# Homemade Salt Dogg Controller



## BDEMOTT (Oct 10, 2005)

I have a SHPE750 Salt spreader that I will be rarely using this winter and I need a controller for it. I got boned by a guy on here that had one for $160, Sent the $ 2 months ago and havent seen it yet. Wont pick-up the phone or anser emails. I cant justify the $500 expense for a new one and I am wondering if anyone has made one themselves, and would care to share how they did it. Or if it is at all possible. Thanks in advance.


----------



## lilweeds (Aug 3, 2007)

Does Karrier make one for the saltdogs?


----------



## basher (Nov 13, 2004)

Yes they do


----------



## BDEMOTT (Oct 10, 2005)

just checked it out. They are also $520.00. Someone on here has to have made one before.


----------



## lilweeds (Aug 3, 2007)

They maybe 520, but it will last forever.


----------



## emeraldgreen (Sep 17, 2004)

Maybe you should let everyone else know who this person is so they don't go through this same thing. 
It may also help you to get this issue resolved. Someone on here might know this person and be located nearby, maybe inquire as to what the problem is.


----------



## basher (Nov 13, 2004)

Do you understand exactly what is required? These units have a burst start feature to start the motors, overload protection, reverse feature, and vibrator control plus the rheostats strong enough to handle the loads. How are you at building circuit boards?

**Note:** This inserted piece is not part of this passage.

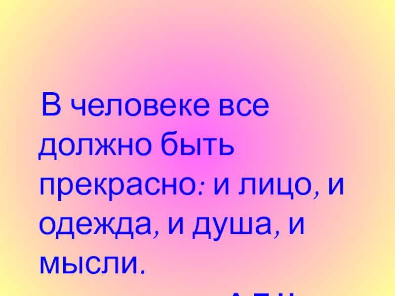 Слайд 10 В человеке все должно быть прекрасно: и лицо, и

Or you could go Ghetto, just get some REAL HEAVY switches and wire it on/off and run like he!! while she dumps material.


----------



## BDEMOTT (Oct 10, 2005)

basher;859115 said:


> Do you understand exactly what is required? These units have a burst start feature to start the motors, overload protection, reverse feature, and vibrator control plus the rheostats strong enough to handle the loads. How are you at building circuit boards?
> 
> Or you could go Ghetto, just get some REAL HEAVY switches and wire it on/off and run like he!! while she dumps material.

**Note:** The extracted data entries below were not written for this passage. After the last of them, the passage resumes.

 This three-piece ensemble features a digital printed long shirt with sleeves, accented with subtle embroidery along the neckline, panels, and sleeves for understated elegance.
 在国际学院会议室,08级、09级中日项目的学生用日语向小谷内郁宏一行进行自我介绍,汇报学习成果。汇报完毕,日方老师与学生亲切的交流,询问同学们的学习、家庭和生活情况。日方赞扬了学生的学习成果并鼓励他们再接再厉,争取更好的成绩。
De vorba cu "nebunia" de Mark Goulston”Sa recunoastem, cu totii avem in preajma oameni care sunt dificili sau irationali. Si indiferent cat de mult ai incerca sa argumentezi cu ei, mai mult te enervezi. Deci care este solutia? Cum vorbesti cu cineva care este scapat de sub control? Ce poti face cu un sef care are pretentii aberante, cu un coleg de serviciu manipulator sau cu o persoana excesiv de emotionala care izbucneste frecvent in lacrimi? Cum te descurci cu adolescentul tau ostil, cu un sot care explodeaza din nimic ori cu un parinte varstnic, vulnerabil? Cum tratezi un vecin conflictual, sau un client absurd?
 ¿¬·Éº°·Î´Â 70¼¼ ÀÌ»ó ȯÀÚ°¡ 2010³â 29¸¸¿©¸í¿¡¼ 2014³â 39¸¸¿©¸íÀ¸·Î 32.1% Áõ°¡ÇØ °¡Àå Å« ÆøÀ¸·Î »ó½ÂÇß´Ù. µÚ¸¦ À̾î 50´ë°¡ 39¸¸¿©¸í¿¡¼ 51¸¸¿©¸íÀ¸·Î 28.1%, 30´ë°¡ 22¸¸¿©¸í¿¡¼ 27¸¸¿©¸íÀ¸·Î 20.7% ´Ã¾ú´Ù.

haha well i guess that sums up the post. I am good with curcuit boards but it looks like im going to be spending way to much time and $.

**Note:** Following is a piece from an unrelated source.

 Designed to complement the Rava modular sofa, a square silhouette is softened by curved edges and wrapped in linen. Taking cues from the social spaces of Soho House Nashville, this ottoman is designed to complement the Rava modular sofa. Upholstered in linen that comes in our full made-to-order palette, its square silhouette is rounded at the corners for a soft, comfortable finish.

The guys name on here is Iowalawn and his name is nate. Thank god i sent the money through paypal otherwise id be out $160.00. he was great to deal with at the begining and sure enough when i started asking where it was i got no response


----------



## show-n-go (Feb 5, 2009)

will this one work? http://www.plowsite.com/showthread.php?t=88668

I had an offer to buy with no response.

Still for sale


----------



## basher (Nov 13, 2004)

Won't work for a dual motor unit.


----------